#### WHAT THE TASK REQUIRES
Search the entries below for "Upstate Spartans Logo". Give that line and all the lines after it again, exactly, through the last, without pictures.

*** Opening DATA TO USE ***

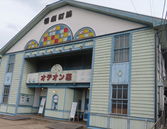 この建物は昭和九年(1934年)に芝居小屋として建てられ、第二次世界大戦後は歌謡ショーや映画上映など娯楽の殿堂として親しまれてきたが、映画産業の衰退や老朽化などが理由で閉館となり、平成七年(1995年)には取り壊される予定であった。ところが平成八年(1996年)に山田洋二監督、西田敏行主演の松竹映画『虹をつかむ男』のロケ地となり、作品の中で「オデオン座」として登場したことが契機となって建物が保存されることとなる。ちなみに「オデオン座」というのはフランス・パリの国立劇場の名前である。
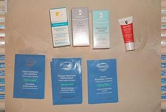 Y aquí, varias muestras de la marca Thalgo,en las que destaco:- Fluido hidratante matificante.- Mascarilla absorbente desincrustante.- Y el sérum regulador intenso.
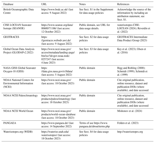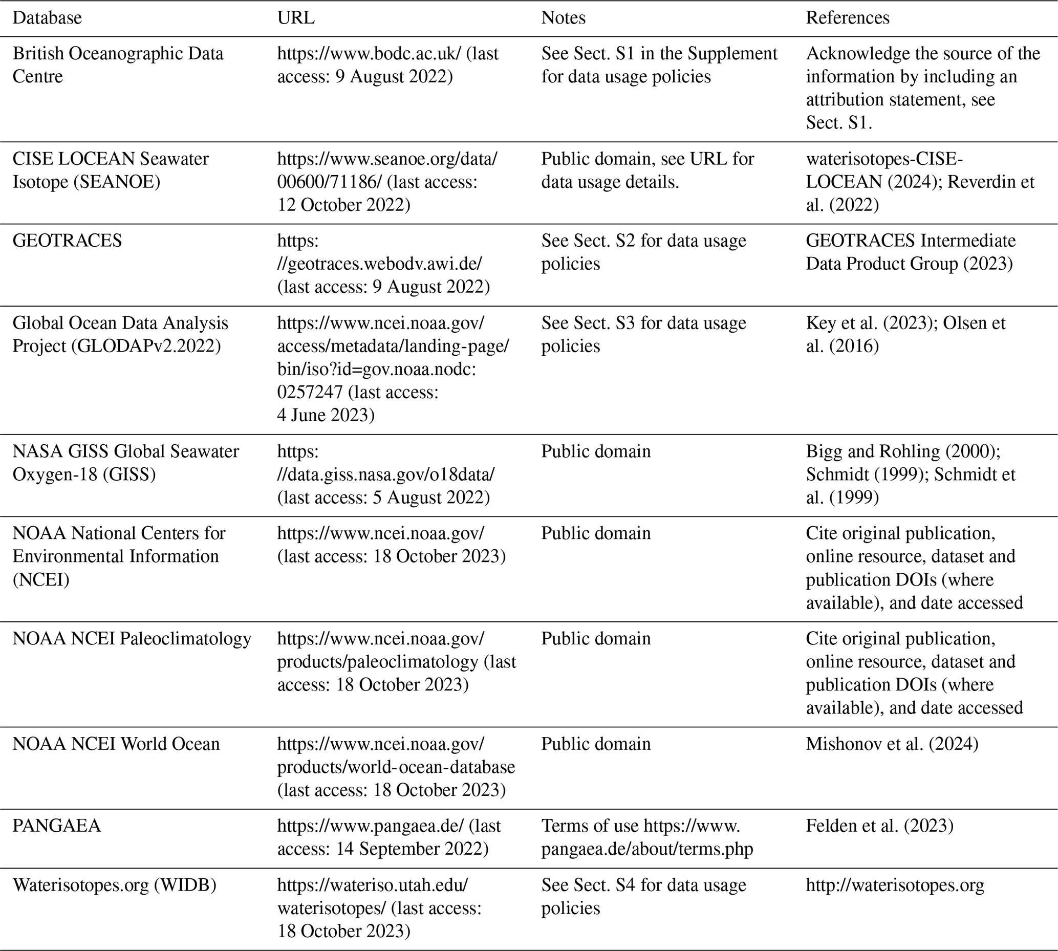 In recognition of the broad value of δ18Osw data to the Earth Sciences, a major effort to gather δ18Osw data occurred in the 1990s (Bigg and Rohling, 2000; Schmidt, 1999; Schmidt et al., 1999) and resulted in the development of the NASA's Goddard Institute for Space Studies (GISS) Global Seawater Oxygen-18 database (https://data.giss.nasa.gov/o18data/, last access: 20 February 2026), which contains over 26 000 global measurements of δ18Osw (and some δ2H data) from the 1950s to 2000s. In 2006, that database was used to construct a global gridded dataset of δ18Osw and to characterize regional relationships between δ18Osw and salinity (LeGrande and Schmidt, 2006) and it has subsequently been used in a broad range of studies involving δ18Osw. However, the NASA GISS database is no longer actively updated, with the last δ18Osw measurement added in 2011. As a result, a growing number of new δ18Osw datasets published since 2011 remain without an active δ18Osw-specific data repository in which to archive the data. Researchers have instead provided the δ18Osw data in the supplemental tables of journal articles, or have archived the δ18Osw data with other geochemical data (e.g., coral δ18O), in data repositories such as the National Centers for Environmental Information (NCEI) for Paleoclimatology (https://www.ncei.noaa.gov/products/paleoclimatology, last access: 20 February 2026) and PANGAEA (https://www.pangaea.de/, last access: 20 February 2026). Because these datasets can be difficult to find, non-machine-readable, and/or decentralized, they are not easily accessible to the wide range of research communities that would benefit from this data (see a related review by Chamberlain et al., 2021). Furthermore, many publishers and several funding agencies now require researchers to archive their data in FAIR and public repositories. For these reasons, a comprehensive database of δ18Osw data that is publicly available and actively maintained is critically needed.
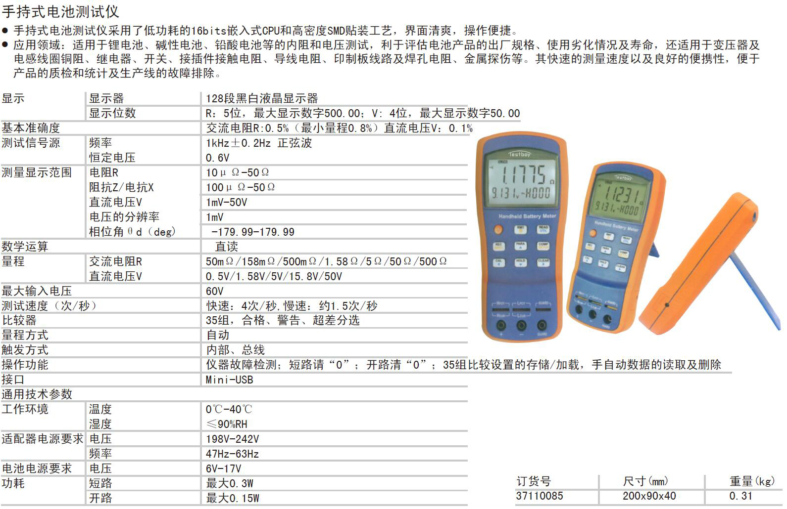 ·手持式电池测试仪采用了低功耗的16bits嵌入式CPU和高密度SMD贴装工艺,界面清爽,操作便捷。
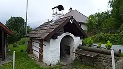 Novodobý dřevěný přístřešek umístěný v bezprostřední blízkosti objektu pece slouží pekařům v současné době jako příruční manipulační prostor.[2] Tento pomocný přístřešek je krytý sedlovou střechou s šindelovou krytinou a není památkově chráněn.[2]
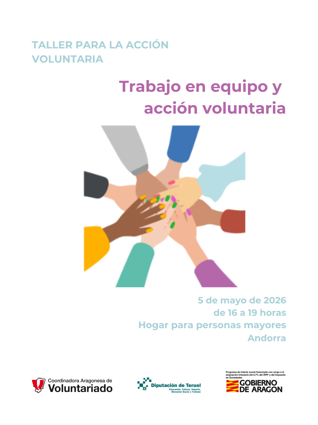 El responsable de estos datos es la Coordinadora Aragonesa de Voluntariado con CIF G 50507599 y ubicada en Avda. Cesáreo Alierta, 4 Pasaje Miraflores, Local 3. La finalidad de los datos será enviar información sobre actividades, talleres y acciones relacionadas con el voluntariado. En ningún momento se prevé la cesión de estos datos a terceros.
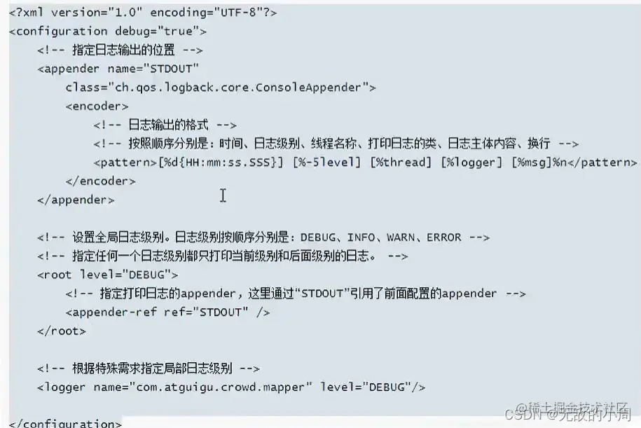 <?xml version="1.0" encoding="UTF-8" ?> <!DOCTYPE log4j:configuration SYSTEM "log4j.dtd"> <log4j:configuration xmlns:log4j="http://jakarta.apache.org/log4j/"> <appender name="STDOUT" class="org.apache.log4j.ConsoleAppender"> <param name="Encoding" value="UTF-8" /> <layout class="org.apache.log4j.PatternLayout"> <param name="ConversionPattern" value="%-5p %d{MM-dd HH:mm:ss,SSS} %m (%F:%L) \n" /> </layout> </appender> <logger name="java.sql"> <level value="debug" /> </logger> <logger name="org.apache.ibatis"> <level value="info" /> </logger> <root> <level value="debug" /> <appender-ref ref="STDOUT" /> </root> </log4j:configuration>
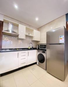 The well-fitted kitchen features a refrigerator, an oven and a microwave. The spacious apartment provides air conditioning, a washing machine, a private entrance, a tea and coffee maker, as well as a flat-screen TV. The unit offers 2 beds.
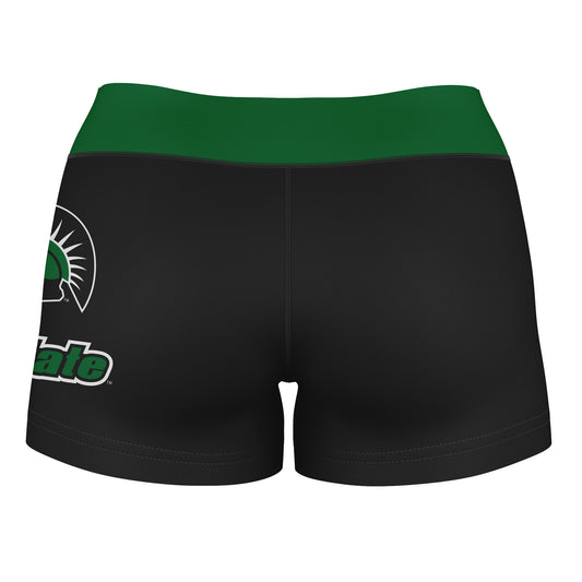 Upstate Spartans Logo on Thigh and Waistband Black & Green Womens Yoga Booty Workout Shorts by Vive La Fete
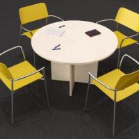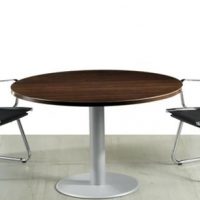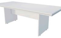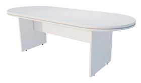 Tablero de mesa de 30mm más embellecedor gris de 10mm y molduras de 19mm.Terminaciones Gris, Haya, Wengué, Blanco y Roble. Mesa ovalada con base con forma de H. Medidas: 240x100x74, 200x90x74.
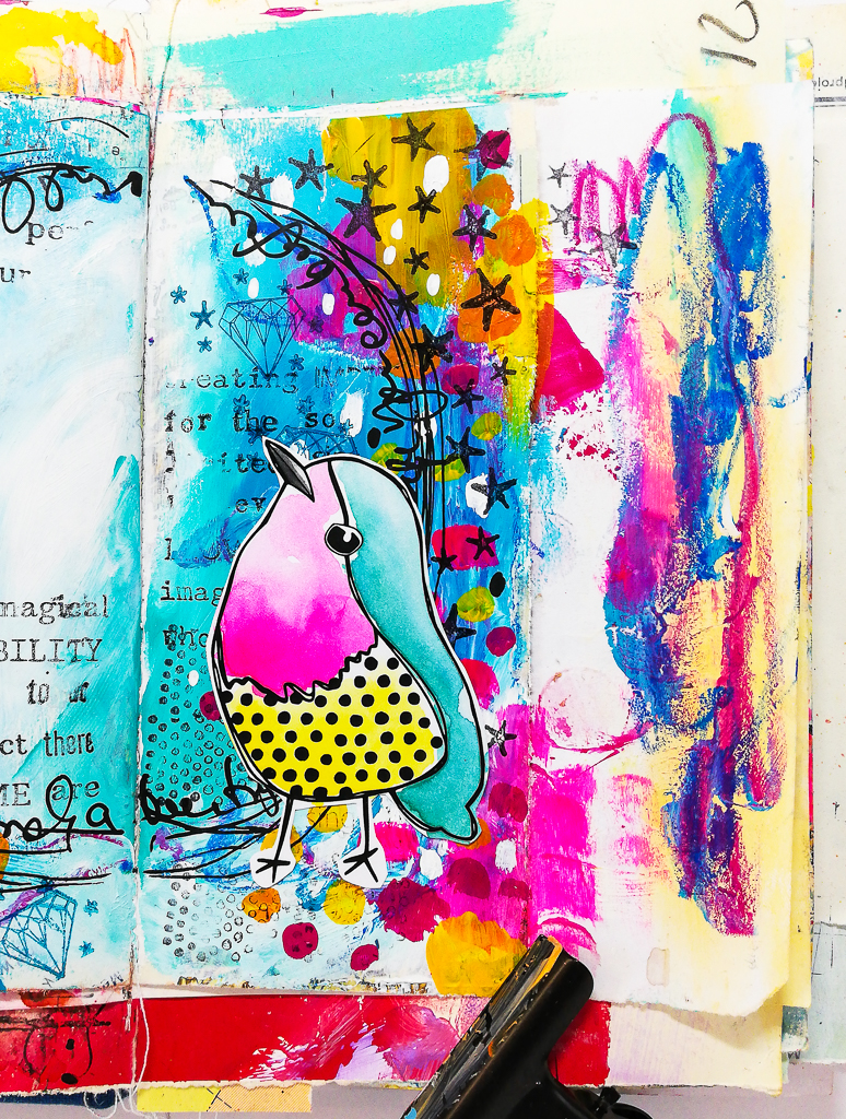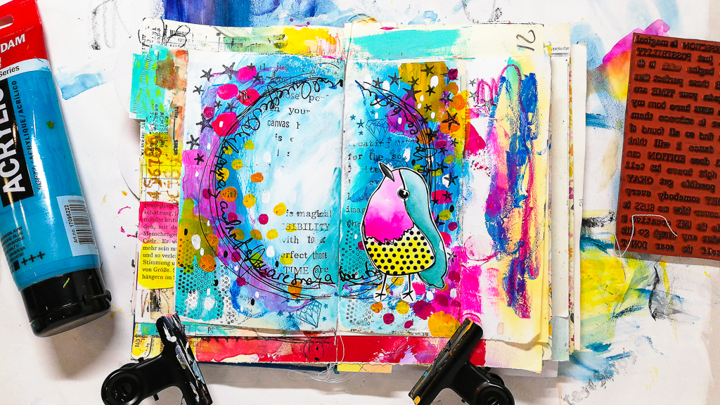 Hi there! I’m sharing a new mixed media art journal tutorial today using acrylic paints to create the background. I combine them a little with Neocolors and uniPosca Markers. I am using one of my Textured Birds stamps as the focal point.
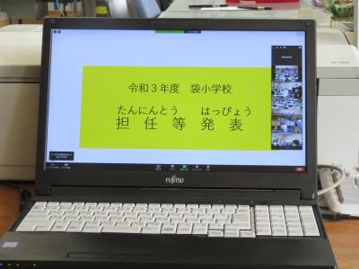 4月8日(木)いよいよ袋小学校の令和3年度がスタートしました。コロナ感染症拡大防止のため、就任式、始業式をリモートで行いました。就任式では、あらたに5名の先生方をお迎えし、青葉会の児童が歓迎の言葉を発表してくれました。始業式では、子どもたちの様子を画面を通して見ていたのですがしっかりと話を姿に子どもたちのやる気を感じたところです。一番盛り上がったのは、やはり担任発表の時で、担任の先生が決まりホッとしている子もいたようです。今年度も職員全員で子どもたちを見守り、指導してまいりますのでよろしくお願いします。

*** Closing DATA TO USE ***

#### ANSWER AREA
 Upstate Spartans Logo on Thigh and Waistband Black & Green Womens Yoga Booty Workout Shorts by Vive La Fete
 Tablero de mesa de 30mm más embellecedor gris de 10mm y molduras de 19mm.Terminaciones Gris, Haya, Wengué, Blanco y Roble. Mesa ovalada con base con forma de H. Medidas: 240x100x74, 200x90x74.
 Hi there! I’m sharing a new mixed media art journal tutorial today using acrylic paints to create the background. I combine them a little with Neocolors and uniPosca Markers. I am using one of my Textured Birds stamps as the focal point.
 4月8日(木)いよいよ袋小学校の令和3年度がスタートしました。コロナ感染症拡大防止のため、就任式、始業式をリモートで行いました。就任式では、あらたに5名の先生方をお迎えし、青葉会の児童が歓迎の言葉を発表してくれました。始業式では、子どもたちの様子を画面を通して見ていたのですがしっかりと話を姿に子どもたちのやる気を感じたところです。一番盛り上がったのは、やはり担任発表の時で、担任の先生が決まりホッとしている子もいたようです。今年度も職員全員で子どもたちを見守り、指導してまいりますのでよろしくお願いします。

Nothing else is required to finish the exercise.